O descontrole gera riscos de colapsos, cortes indesejados em energia limpa e gastos com fontes poluentes. Um dos desafios é que, entre as 10h e as 16h, as usinas e os painéis solares geram muita energia num horário em que o consumo é baixo. No fim da tarde e no início da noite, quando essas unidades já não geram mais energia pela falta do sol, a demanda começa a crescer e exige que usinas térmicas, algumas poluentes, entrem em operação. Normalmente, o ONS e a Empresa de Pesquisa Energética (EPE) planejam o crescimento das linhas de transmissão vinculado ao da demanda, e não ao da oferta. O problema é que o avanço da geração distribuída se deu de tal forma que as previsões não capturaram o movimento. Hoje, o volume de geração distribuída já atingiu o previsto para 2030. O que está ocorrendo é algo absolutamente crítico. Em só uma década, a capacidade instalada de energia solar no Brasil deu um salto impressionante: passou de modestos 132 MW para cerca de 60 mil MW. Dois terços vêm da geração distribuída (a fornecida pelos próprios consumidores), modalidade que já envolve 20 milhões de brasileiros.

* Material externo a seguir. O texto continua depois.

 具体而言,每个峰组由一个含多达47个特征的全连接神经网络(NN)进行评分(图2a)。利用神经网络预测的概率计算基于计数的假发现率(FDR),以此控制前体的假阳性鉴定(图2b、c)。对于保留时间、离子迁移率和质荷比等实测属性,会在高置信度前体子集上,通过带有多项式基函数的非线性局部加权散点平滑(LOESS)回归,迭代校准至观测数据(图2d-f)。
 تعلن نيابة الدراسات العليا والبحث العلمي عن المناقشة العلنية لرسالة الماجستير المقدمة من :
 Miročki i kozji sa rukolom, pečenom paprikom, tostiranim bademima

O ONS e o Ministério de Minas e Energia buscam soluções. O ONS afirmou que uma das propostas para aliviar o sistema sem medidas emergenciais é a implementação de Operadores do Sistema de Distribuição (DSO - Distribution System Operators), que permitiria coordenar os recursos conectados diretamente às redes das distribuidoras. Seria como se as distribuidoras atuassem como um operador do sistema. Em março, o Ministério de Minas e Energia (MME) criou o Grupo de Trabalho do Curtailment, com o objetivo de seguir atuando de forma estruturada para garantir a segurança e estabilidade do sistema elétrico brasileiro. O MME afirma que, entre as medidas já encaminhadas, estão a elaboração de diagnósticos técnicos sobre a natureza e a magnitude dos cortes, a proposição de soluções regulatórias e operacionais, além da priorização de obras de transmissão e da instalação de equipamentos que aumentem a confiabilidade da rede.

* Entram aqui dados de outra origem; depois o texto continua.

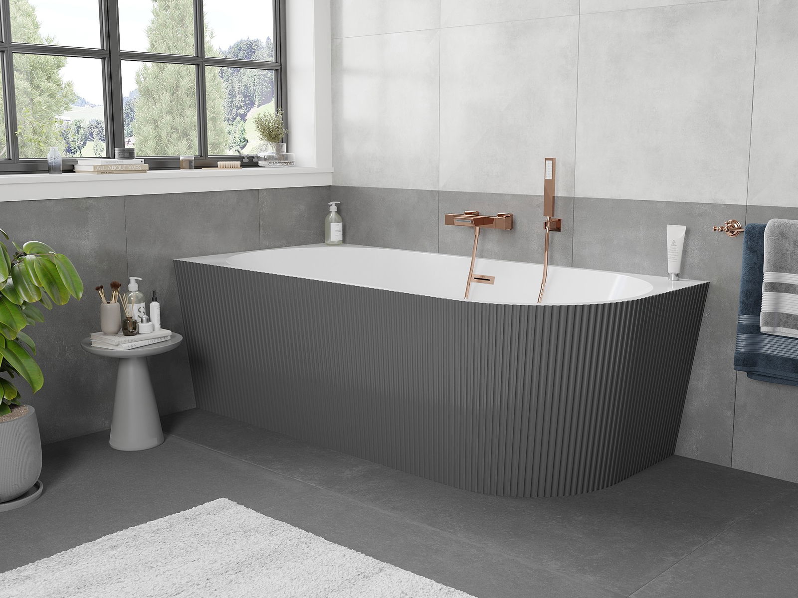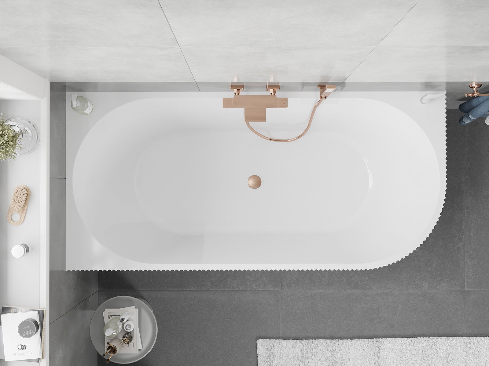 Mexen Silo cadă de colț stând liber pe stânga, canelată 150 x 75 cm, alb/gri, preaplin din cupru periat - 52891507562L-65
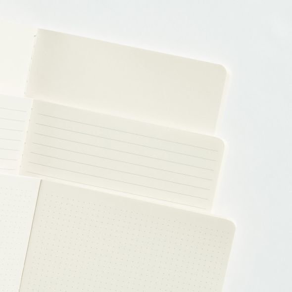 Okładka wewnętrzna z unikalną grafiką. Każdy z notesów posiada inny rodzaj stron: czyste, w linie, kropkowane.
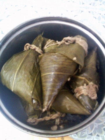 3、包好粽子锅子放满水,装满粽子大火煮2小时就好了。
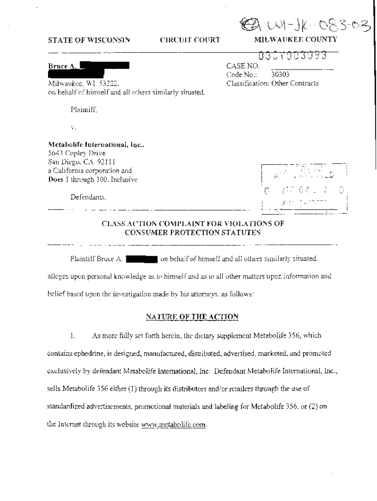 A02 Class Action Complaint For Violations Of Consumer Protection Statutes regarding dietary supplement
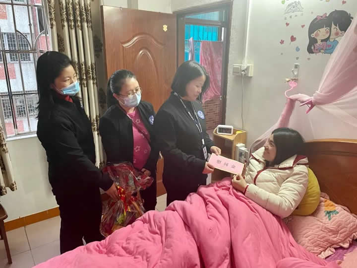 寒冬暖阳暖人身,雪中送炭感人心。12月24日下午,集团公司妇联主席、工会副主席宗少秋,妇联副主席梁淑媚、梁爱贞一行,代表集团公司领导和办公室全体员工,走访看望慰问术后休养的梁月娟同事,并送上公司的关怀和温暖。

A Casa dos Ventos sugeriu que uma das soluções possíveis para os cortes de geração renovável (curtailment) é a exportação da eletricidade que está sendo cortada. O Brasil já tem a Exportação de Vertimento Turbinável (EVT), que nada mais é do que exportar o curtailment das hidrelétricas. No dia 5 de outubro, o Brasil chegou a cortar 18 mil megawatts (MW) de potência, o equivalente ao consumo da Argentina. Também seria interessante uma atuação para atração de demanda para o País. Como exemplo, pode-se citar o Paraguai, que também tem abundância de energia, e, em um ano atraiu 1 gigawatt (GW) de carga por meio de agentes de mineração de criptomoedas. Neste cenário, as empresas de energia deverão estar cada vez mais próximas de seus parceiros para viabilizar soluções que permitam atrair demanda de forma inteligente para integrar e gerar riqueza já que o desafio brasileiro não é de geração, pois o Mwh (megawatt-hora) eólico e solar é o mais competitivo do mundo. Fonte: Broadcast Agro. Adaptado por Cogo Inteligência em Agronegócio.